Но наступила неделя, когда тирания долгов достигла таких размеров, что он не смог купить даже хлеба. Не дойдя до конца Крэгмилларского замка, он вдруг покрылся холодным потом, из глаз посыпались искры, грудь сдавило, а трость выпала из рук; далее он помнил только, что лежал в бреду, в ноздри забилась пахнувшая плесенью земля, а желудок выворачивало наизнанку, хотя он был совершенно пуст.
Может, Макнайт и отказался бы от помощи, но его подняли с земли как ягненка, перекинули через большое, словно вытесанное из дерева плечо и безмолвно понесли обратно домой. Возмущение не давало дышать. Он пытался протестовать, но добрый самаритянин не реагировал. Постепенно до него дошло, что его спасателем был тот самый ирландец, его юная тень, человек, которого он так часто не замечал во время прогулок, который, разумеется, мало что мог сказать и, уж конечно, ничего такого, что стоило послушать. Но теперь, если Макнайт позволит этому свершиться, он окажется в неоплатном долгу. Ему хотелось умереть.
Профессор не мог знать, что меньше всего Канэван думал о благодарности. Сообразив, что его задами принесли домой и мягко опустили на неудобную кровать, Макнайт неожиданно для самого себя пустился в разговоры:
— Вы ведь не хотите позвать костоправа, дружище?
Но ирландец едва мотнул головой и вообще ничего не сказал, как бы даже отказываясь признавать факт своего присутствия. Он исчез — Макнайт не мог сказать, надолго ли, так как снова впал в забытье, — и вернулся с нарезанным беконом, буханкой хлеба и несколькими глотками виски. Он более-менее насильно скормил все это своему пациенту, влил в него виски, проверил, достаточно ли у того одеял, и, не промолвив ни слова, ушел. Два дня спустя, когда Макнайт снова шел в университет, он благодарно кивнул этому человеку и увидел ответный кивок, такой тактичный, что вдруг понял — инстинктивно знал, — Канэван никому ничего не сказал. Ирландец избегал его, сохраняя свое странное достоинство.
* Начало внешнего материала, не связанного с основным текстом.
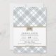Simply Plaid Blue & Tan with Monogram Wedding Invitation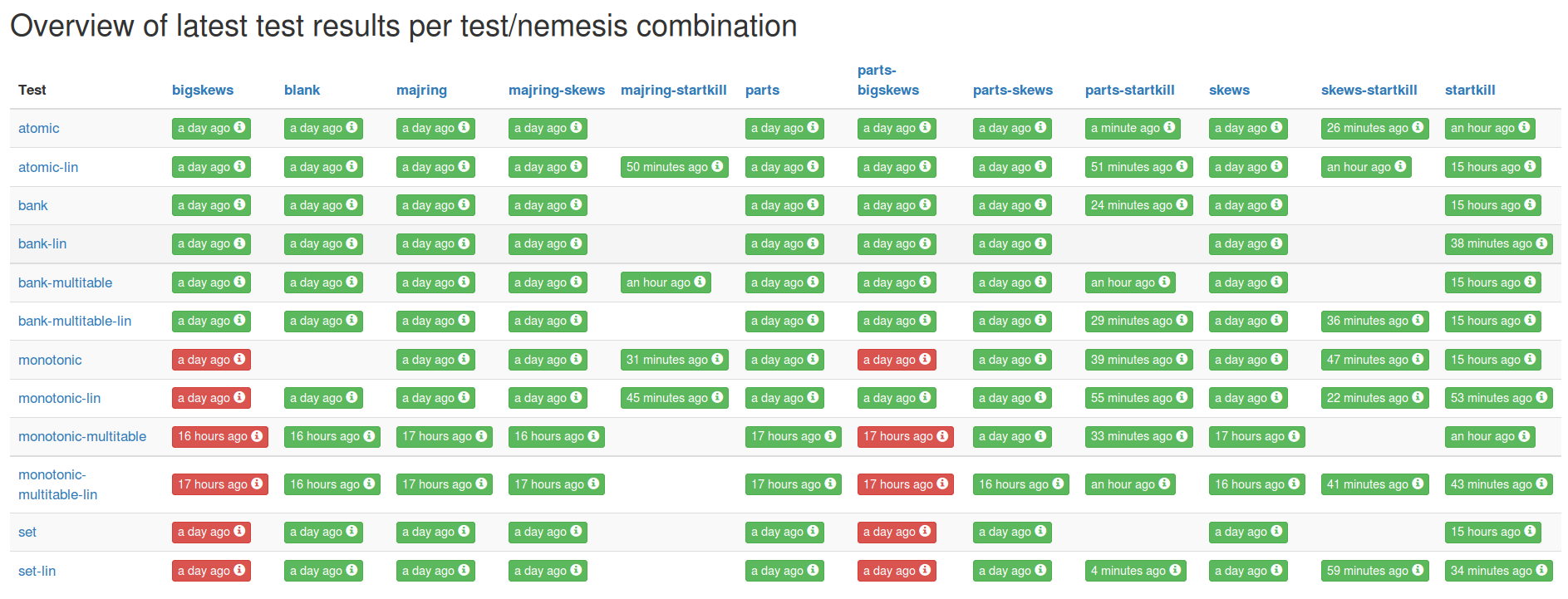 Once this infrastructure was in place, we used it to check whether CockroachDB would get confused if we injected clock skews during a network partition, or vice-versa. It didn’t — at least not any more than determined earlier. We then automated the generation of a handy test result overview:
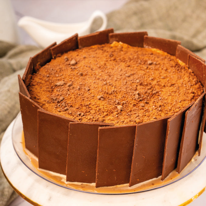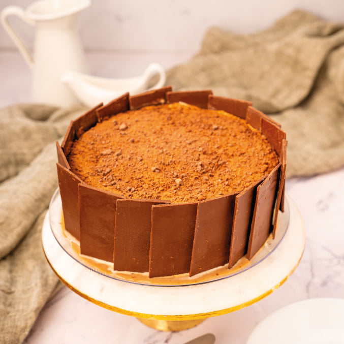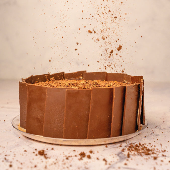 Bizcocho esponjoso, bañado en salsa Tres leches de chocolate. Va decorado con placas lisas de chocolate oscuro por los lados y lluvia de Milo por encima.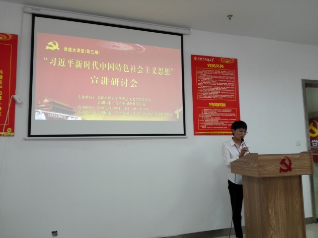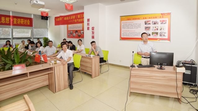 9月29日上午,马克思主义学院党总支与党建共建单位——芜湖国家广告产业园党总支在广告产业园二楼党群服务中心联合开展了党建大讲堂活动。此次党建活动以宣讲研讨“习近平新时代中国特色社会主义思想”为主题。马克思主义学院党总支书记王勇智、芜湖国家广告产业园党总支书记徐道忠、马克思主义学院教师党员、研究生党员和部分入党积极分子以及园区企业党员、入党积极分子和新的社会阶层人士代表参加了此次宣讲研讨会。活动由芜湖国家广告产业园党总支副书记桂丽娟主持。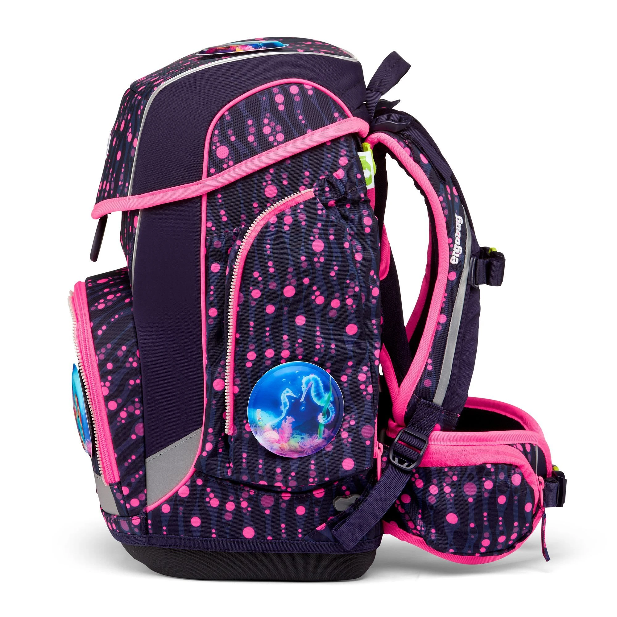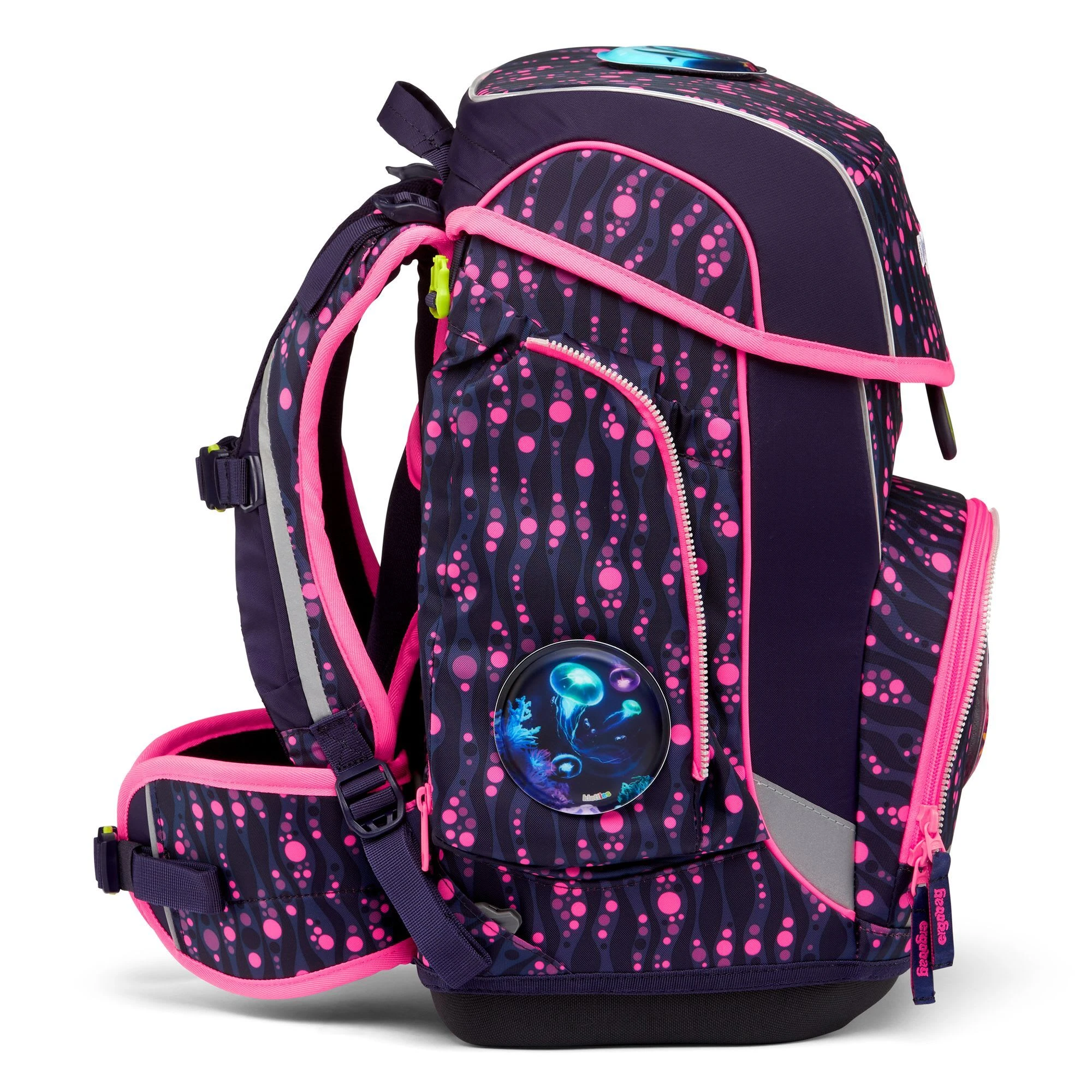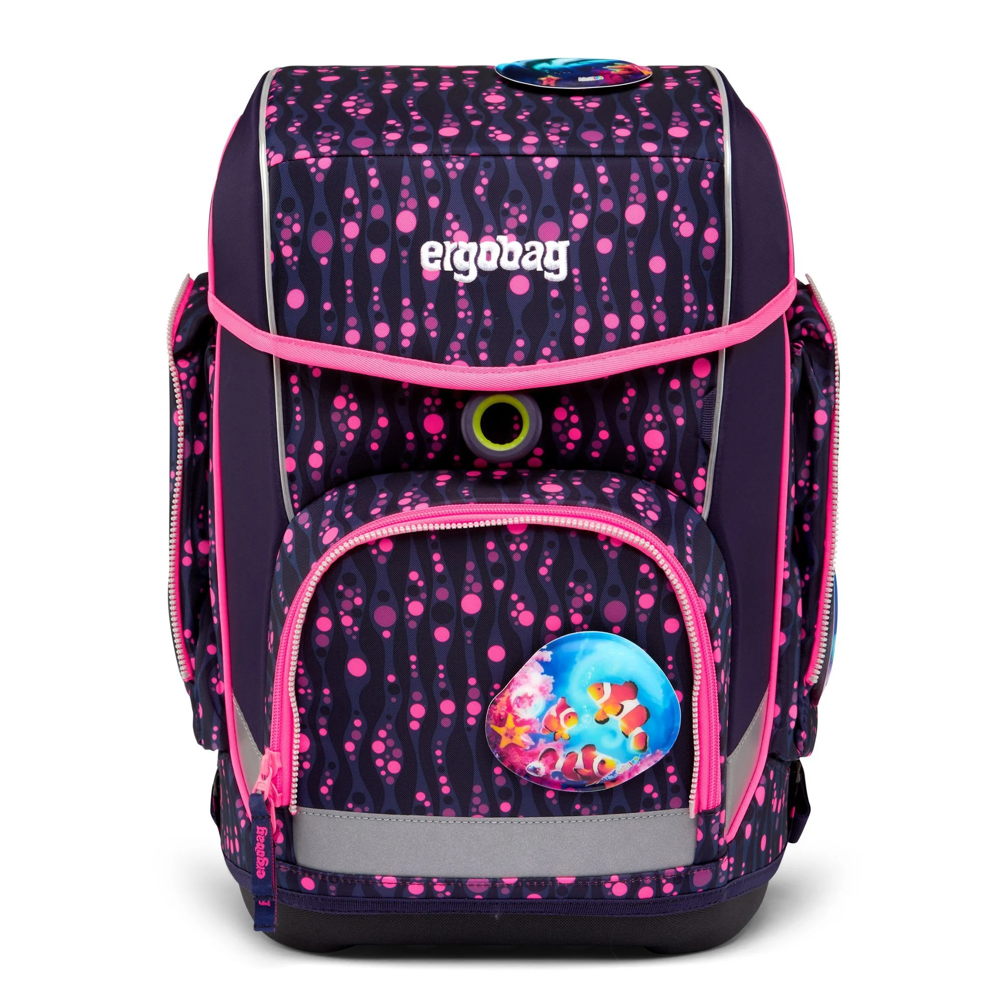 5-teiliges Schulranzen-Set von Ergobag bestehend aus Schulranzen, Sportbeutel, Schlampermäppchen, Federmäppchen (22-tlg.) und 5-tlg. Kletties-Set.

К такому человеку невозможно было не проникнуться доверием.
— Вы, конечно, читали трактаты Смитона? — спросил Макнайт.
Они шли мимо современных особняков Ньюингтона, где в новых окнах отражался свет фонарей.
— Пару прочел, — ответил Канэван. — Это был страстный человек.
— Даже страсть нужно дисциплинировать, иначе она скатится в фанатизм.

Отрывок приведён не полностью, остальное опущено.